Masyarakat Memerlukan Kecepatan Peringatan Dini Bencana

Sistem peringatan dini masih menemui kendala di lapangan. BPBD belum beroperasi 24 jam 7 hari. Akibatnya, masyarakat tidak cepat menerima sebaran informasi peringatan dini bencana tersebut.

“Padahal, tidak jarang kejadian bencana alam di luar jam kerja kantor. Habis magrib, dini hari, atau saat akhir pekan. Jadi, idealnya memang BPBD beroperasi full selama 7 hari 24 jam, sesuai dengan amanah di dalam Perpres No 93 tahun 2019, agar pesan peringatan dini dari BMKG tidak terputus di tengah jalan,” ungkap Dwikorita.

Di sisi lain penyebaran sistem peringatan dini gempabumi dan tsunami terganggu saat sistem komunikasi seperti BTS lumpuh sesaat terjadinya gempabumi.

Ia pun memiliki harapan, sistem komunikasi diperkuat dengan satelit khusus untuk mitigasi atau pencegahan bencana yang tarifnya terjangkau.

“Saat ini kami masih berupaya untuk mewujudkan hal tersebut, dengan terus menjalin komunikasi dan berkoordinasi dengan Kementerian Kominfo,” ucapnya.

Pemeliharaan sirine juga membutuhkan keterlibatan dan peran aktif pemerintah daerah. BMKG telah memasang 52 sirine sepanjang 2008 – 2015. BMKG menghibahkan 6 sirene ke Pemprov Sumbar dan 9 sirene ke Pemprov Bali.

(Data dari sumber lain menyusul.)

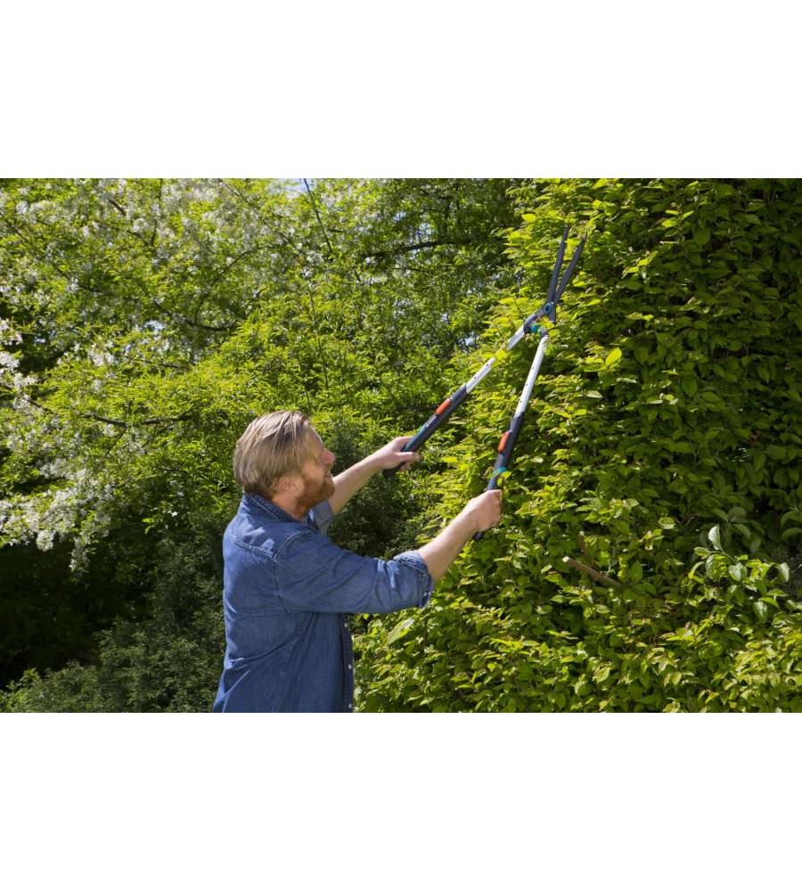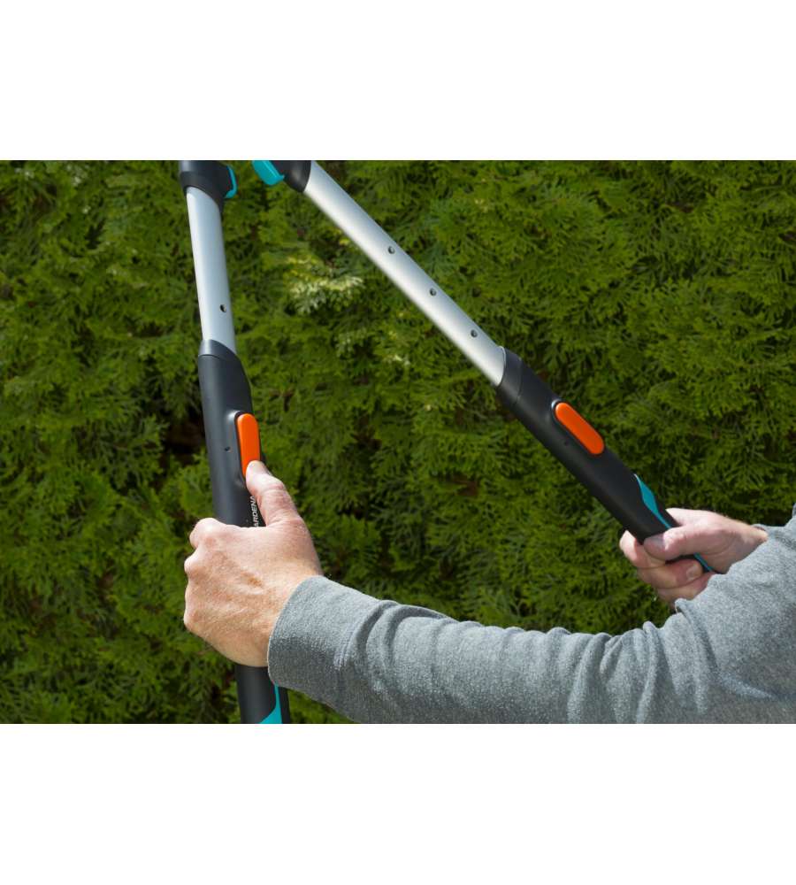 Cesoie telescopiche Gardena da 70-90 cm, lame ondulate da 23 cm con affilatura di precisione e rivestimento antiaderente. Manici ergonomici e bilanciati, ideali per potare siepi alte. Leggere e facili da usare. Garanzia 2 anni.Manico:

Dwikorita menjelaskan, keberadaan sirine sangat penting. Sirine menjadi bagian dari rangkaian sistem peringatan dini yang juga meliputi peta bahaya tsunami, peta evakuasi serta sarana prasarana evakuasi seperti jalur evakuasi, rambu evakuasi dan shelter tempat pengungsian.

BMKG terus mengedukasi masyarakat tidak hanya bergantung pada sirine mengingat tsunami bisa lebih cepat terjadi. Guncangan tanah kuat menjadi salah satu alarm peringatan dini.

“Masyarakat, utamanya di daerah pesisir pantai harus mengevakuasi diri ke tempat yang lebih tinggi, jika merasakan guncangan atau ayunan tanah yang menerus selama beberapa detik, tanpa harus menunggu sirine berbunyi. Guncangan atau ayunan tanah tersebut dapat diakibatkan oleh gempabumi atau longsor tebing pantai ke laut ataupun longsor laut,” paparnya.

Sistem peringatan dini juga memberi ruang kearifan lokal seperti kentongan, pengeras suara di masjid menjadi sarana memperkuat mitigasi bencana.